Your project writer is mean. Of course not every card contains a house — some of it is land. Unfortunately, land doesn’t have a square footage on the website! Do something similar to the following to skip over those annoying plots of land. (and don’t forget to fill in the xpaths)

from selenium.common.exceptions import NoSuchElementException
import sys
import re

prices = []
sq_ftgs = []
for ct, card in enumerate(cards):
    try:
        sqft = card.find_element_by_xpath("...").text
        sqft = re.sub('[^0-9.]', '', sqft)

        # if there isn't any sq footage skip the card entirely
        if sqft == '':
            continue

        price = card.find_element_by_xpath("...").text
        price = re.sub('[^0-9.]', '', price)

        # if there isn't any price skip the card entirely
        if price == '':
            continue

        sq_ftgs.append(float(sqft))
        prices.append(float(price))

    except NoSuchElementException:
        # verify that it is a plot of land, if not, panic
        is_lot = 'land' in card.find_element_by_xpath(".//ul[@class='list-card-details']/li[2]").text.lower()
        if not is_lot:
            print("NOT LAND")
            print(card.find_element_by_xpath(".//ul[@class='list-card-details']/li[2]").text)
            sys.exit(0)
        else:
            continue

print(sum(prices)/len(prices))
print(sum(sq_ftgs)/len(sq_ftgs))
Items to submit
  • Code used to solve this problem.

  • Output from running the code.

Question 5

Update your code from question (4) to first filter the homes by the number of bedrooms and bathrooms. Let’s look at some bigger homes. Filter to get houses with 4+ bedrooms and 3+ bathrooms. Recalculate the mean price and square footage for said houses. Print the values.

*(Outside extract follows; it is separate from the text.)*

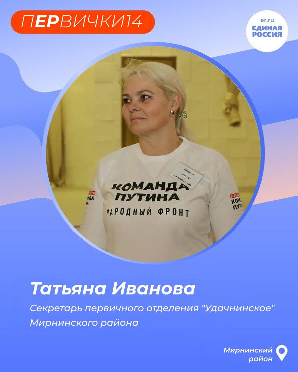 🐻❄️ Секретарем первичного отделения «Удачнинское» Мирнинского района с 2019 года является Татьяна Иванова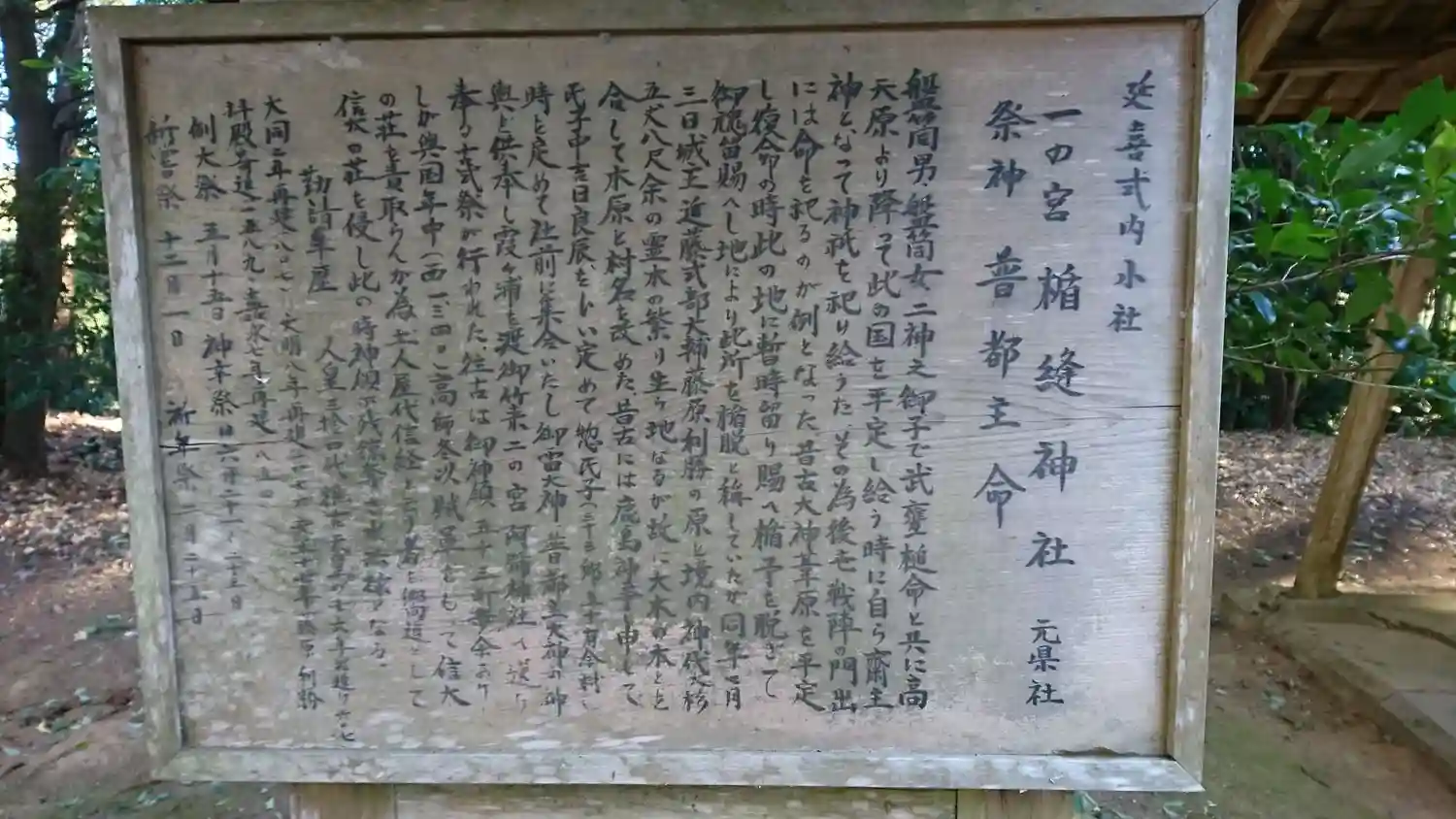 | ご祭神 | 《主》経津主命,《配》彦狭知命,大己貴命,宇蒼魂命,市杵島姫命,須佐之男命,神皇産霊命,熊野加夫呂岐命 |

To apply said filters, you will need to emulate 3 clicks. One to activate the menu of filters, another to select the number of bedrooms, and another to select the number of bathrooms. You should be able to use a combination of element type (div/button/span/etc.) and attributes to accomplish this.

Items to submit
  • Code used to solve this problem.

  • Output from running the code.

Question 6 (optional, 0 pts)

Package your code up into a function that let’s you choose the zip code, number of bedrooms, and number of bathrooms. Experiment with the function for different combinations and print your results. If you really want to have some fun create an interesting graphic to show your results.

Please make sure to double check that your submission is complete, and contains all of your code and output before submitting. If you are on a spotty internet connect ion, it is recommended to download your submission after submitting it to make sure what you think you submitted, was what you actually submitted.

In addition, please review our submission guidelines before submitting your project.